Pria 500 Juta

Pria 500 Juta
Bab 106. Kata Cinta


Fahri memarkirkan mobilnya tepat di depan halaman. Pria tersebut turun dari kendaraannya, sembari menenteng kantong plastik yang ada di tangannya.


Fahri melihat sang istri yang berada di depan, berjalan untuk menghampirinya."Tetaplah di sana, biar aku saja yang menghampirimu," cegah Fahri yang tak membiarkan istrinya terlalu lelah.


Langkah Arumi pun langsung terhenti. Ia tetap berada di tempatnya, sembari menunggu Fahri yang datang menghampirinya.
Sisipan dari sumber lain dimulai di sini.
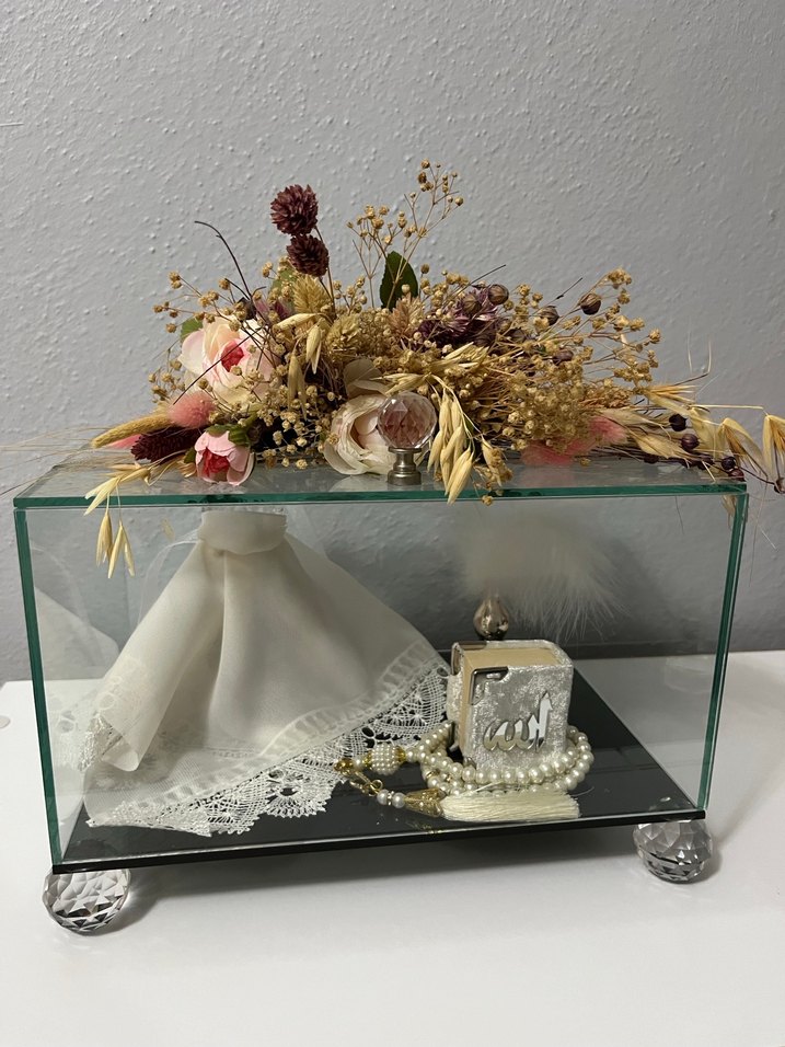 Cam kutu içinde beyaz dantel detaylı mendil,inci tespih,kolonya,kuran vardır.Kurutulmuş çiçekler ve kurdeleyle süslenmiştir.Ürünü nişanımızda almıştık öylece duruyor,fazlalık nedeniyle satıyorum.Satın alacak kişiye şimdiden hayırlı olsun,uğur getirsin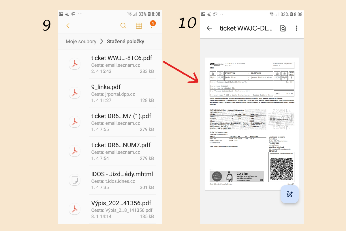 Průvodčímu se prokazujete buď papírovou formou jízdenky nebo zobrazením zaslané elektronické jízdenky v mobilu. Já se ke stažené jízdence ve svém mobilu typu “Samsung” dostanu přes aplikace Samsung - Moje soubory - Stažené položky - výběr jízdenky ze seznamu - zobrazení. Každému však doporučuji, aby si to na svém mobilu v klidu vyzkoušel. V obou případech průvodčího zajímá hlavně QR kód, který si při kontrole jízdenek přečte pomocí svého zaŕízení velikosti cihly, které sebou nosí místo/kromě půvabných kleštiček.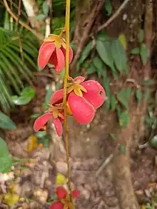 The fruit is a velvety, yellow to reddish, bilocular capsule roughly 2 cm (0.79 in) long. Each locule usually contains two black seeds, each almost entirely covered by a yellow or red aril.[5][6]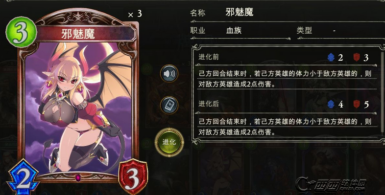 魅魔323,身材普通。她的特效决定她是一张比较吃combo的卡。而蛛魔214跟魅魔323这两张卡是存在combo的。2费的时候上蛛魔对自己造成2点伤害。自己18血对面20血。3费的时候上魅魔,蛛魔踢脸对面-1血。魅魔结算前对面19血自己18血,对面的血量比我们高。这个时候就可以触发魅魔的特效打对面两滴血。魅魔结算后对面17血我们18血。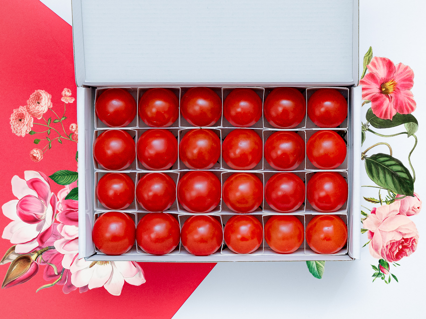 この宝石ルビーのようなフルーツトマトの化粧箱はいかがでしょうか?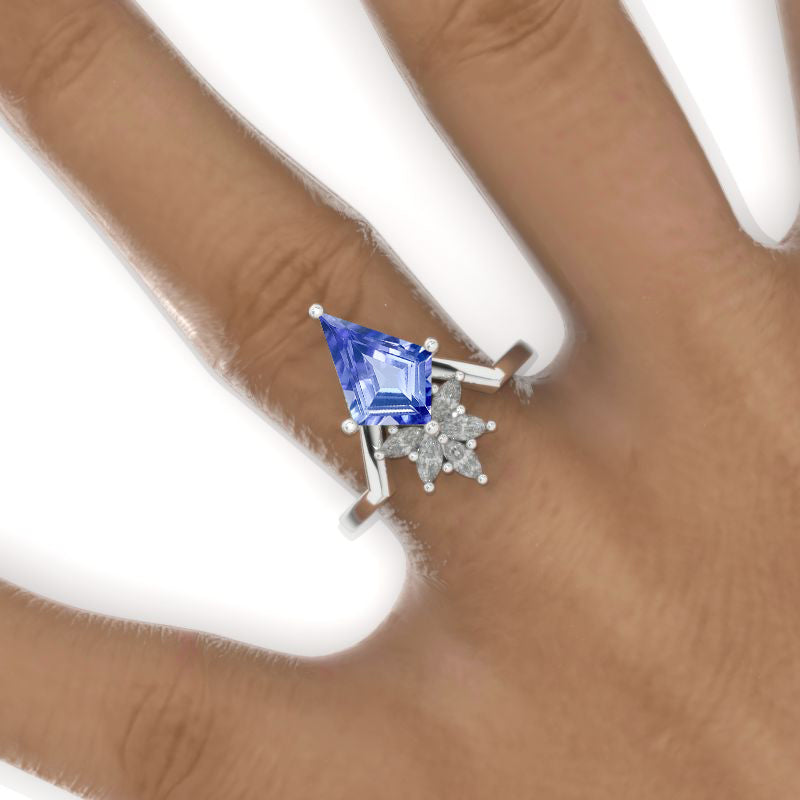 2.5 Carat Kite Natural Genuine Tanzanite Engagement Ring. 2.5CT Fancy - Giliarto
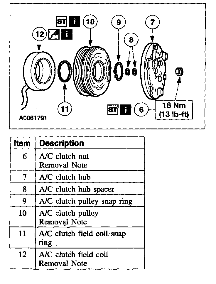 Item 12: A/C Clutch Field Coil Removal Note

Fahri pun sudah berada tepat di depan Arumi. Ia langsung merengkuh tubuh mungil milik istrinya itu. Arumi tersenyum, membalas pelukan dari Fahri.


"Aku pulang hanya untuk ini," ucap Fahri sembari menghirup aroma rambut istrinya.


"Sepertinya kamu sangat merindukanku sampai harus pulang hanya karena ingin memelukku," ujar Arumi sembari melepaskan pelukannya.


Fahri mencubit puncak hidung istrinya dengan gemas, lalu kemudian memberikan kantong plastik yang berisi buah jeruk, sesuai dengan permintaan sang istri tadi.


"Ini buah yang kamu minta tadi," ucap Fahri seraya menyodorkan kantong plastik tersebut.


Mata Arumi pun berbinar. Ia langsung meraih kantong plastik yang diberikan oleh suaminya itu. "Terima kasih, Suamiku." setelah berucap kata demikian, Arumi langsung memberikan hadiah sebuah kecupan singkat di pipi suaminya.


"Apa itu?" tanya Fahri sembari memegangi pipinya.


"Hadiah kecil untukmu," ujar Arumi sembari mengerlingkan matanya.


Fahri terkekeh, melihat punggung sang istri yang membelakanginya, lalu kemudian kembali duduk di tempat semula.


"Semenjak hamil, dia semakin membuatku gemas," gumam Fahri.


Fahri duduk di sebelah istrinya, ia bertopang dagu, memperhatikan Arumi yang mulai membuka kulit jeruk tersebut.


"Sini ... berikan padaku!" ujar Fahri yang langsung mengambil buah jeruk yang ada di tangan istrinya. Ia pun membuka kulit jeruk tersebut, lalu kemudian menyuapkannya pada Arumi.


"Aku merasa kembali seperti anak kecil lagi," ujar Arumi sembari mengunyah jeruk yang ada di dalam mulutnya.


"Tidak masalah. Aku sangat senang jika kamu lebih bermanja denganku," ucap Fahri. Wajah Arumi pun langsung bersemu merah.


"Aaaa ...." Arumi kembali membuka mulutnya, dan Fahri pun langsung menyuapkan jeruk yang ada di tangannya.


....


Di lain tempat, kewarasan Aldo pun baru saja kembali. Ia melihat istrinya sesegukan, dengan kondisi yang terikat. Aldo langsung membuka penutup mulut istrinya itu, membiarkan wanita tersebut berbicara.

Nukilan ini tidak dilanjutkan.